Some Chinese and foreign visitors are trying to reestablish informal contact with former friends. These liaisons are intended to elicit news of the past 30 years and to encourage fellow believers, and have been carried on clandestinely by several church groups. Where tours have not been closely regimented, members have been able to “break away” to view former church and mission properties, to visit old friends and make new ones, and to carry on successful witnessing activities in parks or even in homes.

A group of 20 pastors traveled to China in April 1979 under the auspices of the “Three-Self Movement” and were briefed on the general policy of the People’s Republic of China. A report was circulated in mid-March that a few medical personnel of the Society of Jesus were being invited back to man their former hospital in the environs of Shanghai.

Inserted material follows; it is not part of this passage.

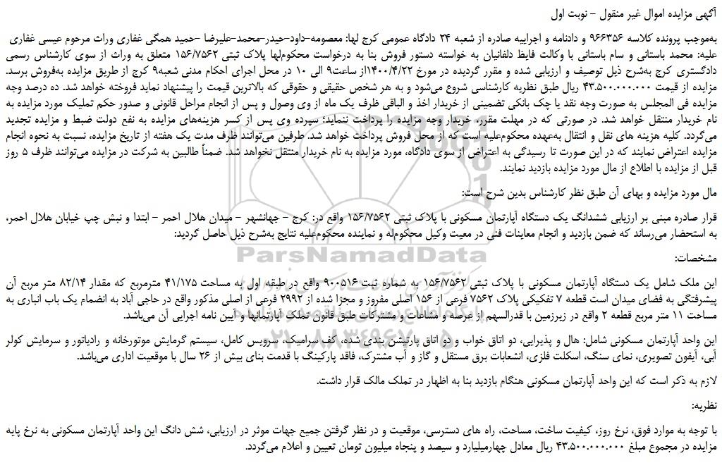 به موجب پرونده کلاسه 966356 و دادنامه و اجراییه صادره از شعبه 24 دادگاه عمومی کرج لها: معصومه-داود-حیدر-محمد-علیرضا -حمید همگی غفاری وراث مرحوم عیسی غفاری علیه: محمد باستانی و سام باستانی با وکالت فایظ دلفانیان به خواسته دستور فروش بنا به درخواست محکوم لها پلاک ثبتی 156/7562 متعلق به وراث از سوی کارشناس رسمی دادگستری کرج به شرح ذیل توصیف و ارزیابی شده و مقرر گردیده در مورخ 1400/4/22از ساعت9 الی 10 در محل اجرای احکام مدنی شعبه9 کرج از طریق مزایده به فروش برسد. مزایده از قیمت 43.500.000.000 ریال طبق نظریه کارشناسی شروع می شود و به هر شخص حقیقی و حقوقی که بالاترین قیمت را پیشنهاد نماید فروخته خواهد شد. ده درصد وجه مزایده فی المجلس به صورت وجه نقد یا چک بانکی تضمینی از خریدار اخذ و الباقی ظرف یک ماه از وی وصول و پس از انجام مراحل قانونی و صدور حکم تملیک مورد مزایده به نام خریدار منتقل خواهد شد. در صورتی که در مهلت مقرر، خریدار وجه مزایده را پرداخت ننماید؛ سپرده وی پس از کسر هزینه های مزایده به نفع دولت ضبط و مزایده تجدید می گردد. کلیه هزینه های نقل و انتقال به عهده محکوم علیه است که از محل فروش پرداخت خواهد شد. طرفین می توانند ظرف مدت یک هفته از تاریخ مزایده، نسبت به نحوه انجام مزایده اعتراض نمایند که در این صورت تا رسیدگی به اعتراض از سوی دادگاه، مورد مزایده به نام خریدار منتقل نخواهد شد. ضمناً طالبین به شرکت در مزایده می توانند ظرف 5 روز قبل از مزایده با اطلاع از مال مورد مزایده بازدید نمایند.

Although subsequently denied by the Jesuits, this rumor refuses to die, and some Roman Catholic missiologists feel the denial may be a ploy to maintain the low profile of this project.

Evangelical groups engaged in broadcasting from Hong Kong and Manila have reported a tremendous increase in the mail response to their programs. Special correspondence courses using radio English are being prepared to capitalize on the current interest in learning English. Some programs present biblical content in a relevant fashion with emphases, illustrations, and applications that focus on the particular needs of listeners in the People’s Republic of China. Popular made-in-America broadcasts are frequently beamed toward China under the assumption that they have universal appeal.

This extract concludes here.